It's kind of weird when I think about it, but it seems like my life started to go off the rails about the same time the country did (and if you don't think the country is off the rails, I don't even want to look at you.) The 2000 elections were mind-blowing; I mean, it seemed like a dog-and-pony show better suited to some banana republic than the U.S. I'm not big on conspiracy theories, but why did all the shit have to go down in the state where his brother was governor?

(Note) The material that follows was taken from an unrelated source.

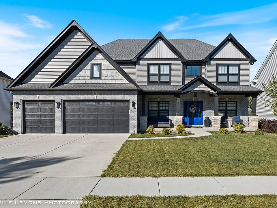 Welcome to 315 White Pines Ln ! Quality McCue Builders most popular floorplan, the Carly Marie. This wonderful home has all the conveniences, 4 bedrooms and 3.5 bathrooms, with an additional upstairs loft and first floor office. Great quality finishes, large open living, with lots of room to spread out and enjoy, Built in 2024 this home shows better than new. Many upgrades throughout including custom woodwork, with coffered ceilings. High-end custom lighting and window treatments will impress. Enjoy the expansive front porch and enter into the soaring 2 story foyer anchored on each side by a cozy living room spacious dining room. The gourmet high-end kitchen features great quality shaker cabinets and durable quartz counters, with a wonderful, custom double waterfall edge island. A very clever smart refrigerator and a separate eat-in kitchen area has ample room for everyday get-togethers. The family-great room features a convenient one touch gas fireplace, with great views to the expansive partially fenced backyard. On the second floor, the primary boasts soaring ceilings and a massive walk in closet and quality high end tile work, dual sinks and a separate dressing area. There are two generously sized bedrooms which share a hall bath along with another guest room featuring its own bath and spacious walk in closet. The huge basement is ready to be finished, lots of natural sunlight from the many big windows and a ready-to-go roughed in space for a finished bathroom, ready to finish for your personal style. Huge drywalled finished 3 car garage, with an attached convenient mudroom. Close to Oswego and Yorkville shopping, many restaurants and now including an all new Costco coming soon ! This house is a must see !

Political scholars and wonks might argue, but for the first time I can remember, it felt like democracy in America had failed, that the president was appointed rather than chosen.
And then 9/11 happened, and the path got really dark and twisty, and Americans grew afraid and suspicious and demanded protection pretty much at any cost.
I made some bad career choices, NSA was in a car accident and became disabled, a close friend's eldest daughter was diagnosed with leukemia. There were some good moments, and the 2004 race gave me hope, only to be dashed with that same smug, smirky face. Things trudged along, getting slowly worse for the majority of the country. And then when the economy is tanking, the Dow bouncing like a Superball, my mom faces a crisis of her own. Barring any miracles, I know what Mom's outcome will be, I can only hope the nation fares better. It might sound strange, but when I see the micro reflected in the macro, I feel like maybe change on a larger scale will help me personally, too. Like maybe a leap of faith taken with an honest-to-goodness idealist is exactly what America, and I, need. I guess I'll just have to see.